Exercise requirements
After locating the line that holds "3、在帮助与反馈页面底部,点击智能客服按钮,即可与掌阅客服进行沟通咨询。", copy that line and all that follow it word for word through the end of the data, with no pictures.

(Beginning of Data under study)

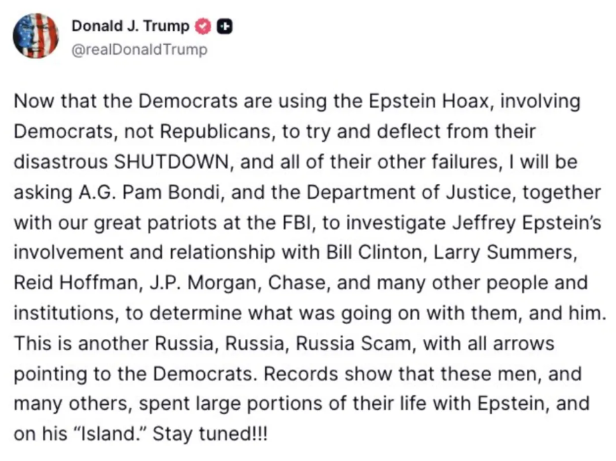 Twenty-four hours after House Speaker Mike Johnson announced an pending vote to “compel” the DOJ to release the Epstein files, President Trump shocked the world by demanding an investigation of people named in the Epstein disclosures, including (but not limited to) Bill Clinton, former Harvard President Larry Summers, billionaire Democrat donor Reid Hoffman, and mega-bank J.P. Morgan-Chase.
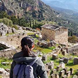 Descubre Delfos desde Atenas con un guía experto de habla española. Escucha mitos, contempla ruinas antiguas, visita pueblos y explora el famoso yacimiento arqueológico de Delfos.
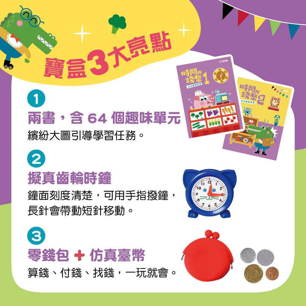 本學習寶盒擁有最貼近生活的豐富題型,隨著精心設計的任務引導,搭配操作實際教具,有效輔助家長輕鬆帶領幼兒認識時間與錢幣,讓孩子的量感必修課充滿歡樂笑聲!
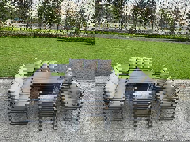Create a refined outdoor setting with the Fimous 7 Piece Garden Furniture Set, a 9-seater arrangement designed for relaxed lounging and outdoor dining. With a dark grey finish and coordinating cushions, it brings a cohesive look to gardens and patios while offering flexible seating for everyday use and entertaining.
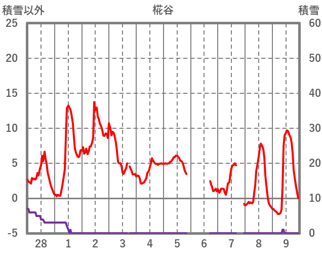 | 日 | 時 | 気温 | 降水 | 風向/風速 | 日照 | 積雪 | 降雪 |
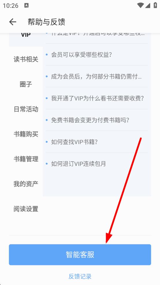 3、在帮助与反馈页面底部,点击智能客服按钮,即可与掌阅客服进行沟通咨询。
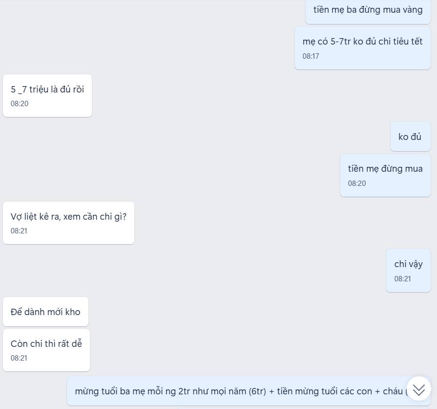 Cô vợ tiết lộ: “Nhà em, chồng thu nhập 50 triệu, vợ thu nhập 15 triệu. Mỗi tháng tiết kiệm 1 chỉ vàng, Tết này chồng em bảo chi 10 triệu thôi, tiêu thì dễ chứ tiết kiệm mới khó”.

(End of Data under study)

Answer to this exercise
 3、在帮助与反馈页面底部,点击智能客服按钮,即可与掌阅客服进行沟通咨询。
 Cô vợ tiết lộ: “Nhà em, chồng thu nhập 50 triệu, vợ thu nhập 15 triệu. Mỗi tháng tiết kiệm 1 chỉ vàng, Tết này chồng em bảo chi 10 triệu thôi, tiêu thì dễ chứ tiết kiệm mới khó”.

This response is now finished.